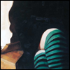 Description: black coat, green stripy stockings, and a strip of bare skin just above the knee
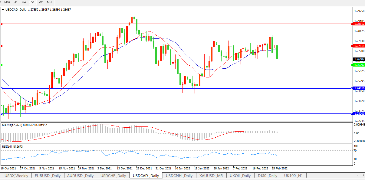 美元兑加元USDCAD 日线图:
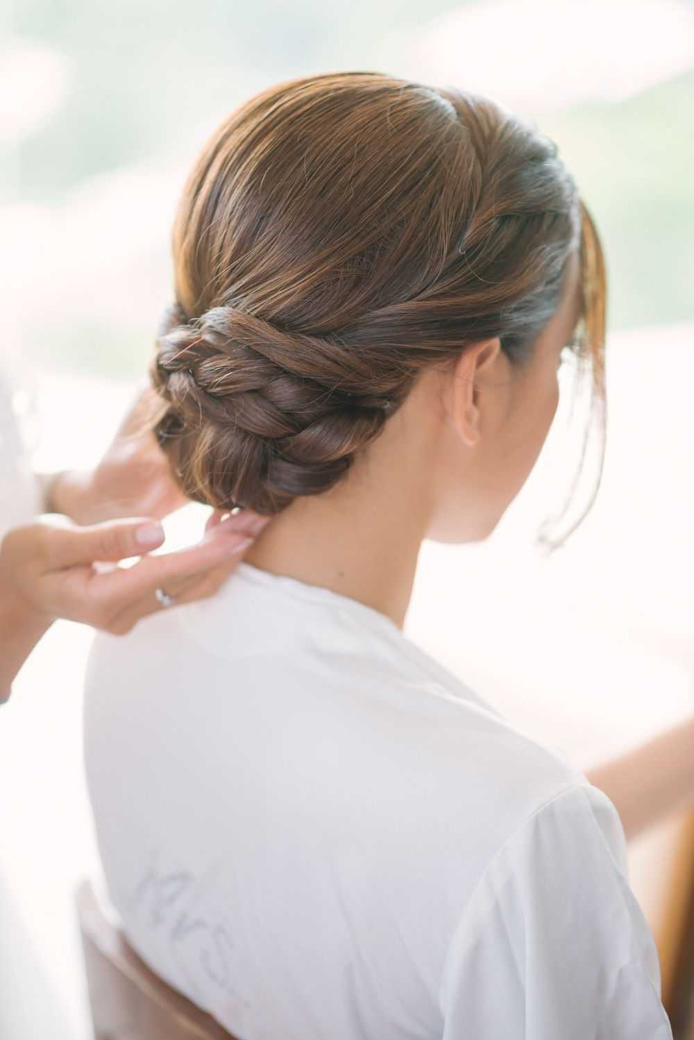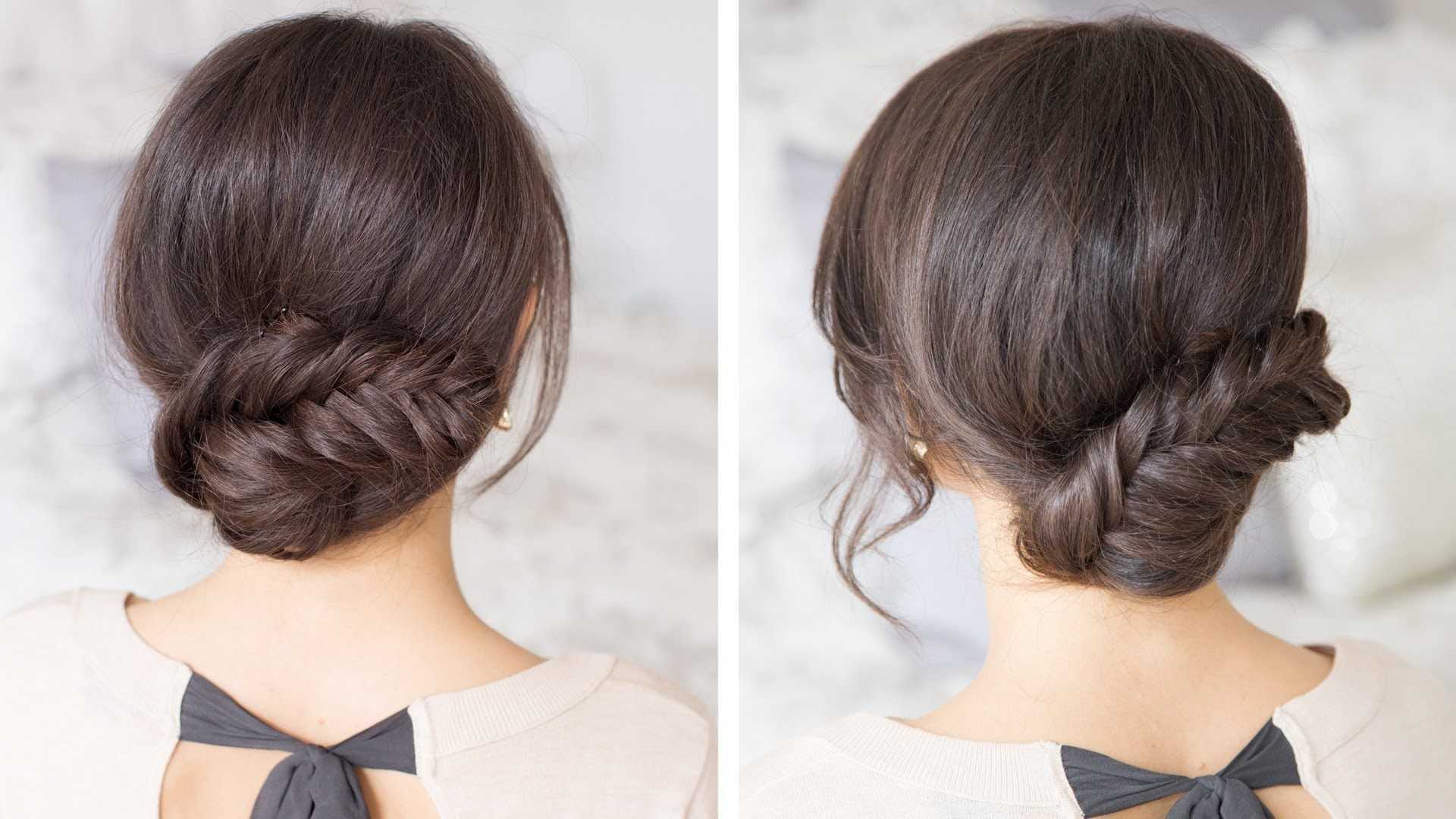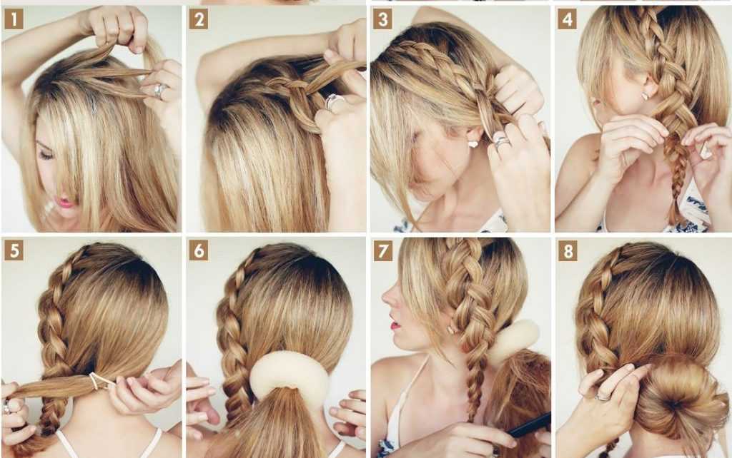 Данная вариация пучка интересна тем, что на задней части головы заплетена французская коса. Смотрится это необычно и элегантно. Выполнять эту прическу самостоятельно не так-то просто. Основная сложность заключается в том, что придется заплетать косу вслепую. Поэтому лучше потренироваться заранее, чтобы в назначенный день все прошло гладко. Для создания этого пучка нужно:

++++++

→ DIRECTIONS FOR THIS TASK:
Exclude the pictures and give back the rest of the data above exactly as written.

→ SOLUTION TO THE EXERCISE:
 Description: black coat, green stripy stockings, and a strip of bare skin just above the knee
 美元兑加元USDCAD 日线图:
 Данная вариация пучка интересна тем, что на задней части головы заплетена французская коса. Смотрится это необычно и элегантно. Выполнять эту прическу самостоятельно не так-то просто. Основная сложность заключается в том, что придется заплетать косу вслепую. Поэтому лучше потренироваться заранее, чтобы в назначенный день все прошло гладко. Для создания этого пучка нужно:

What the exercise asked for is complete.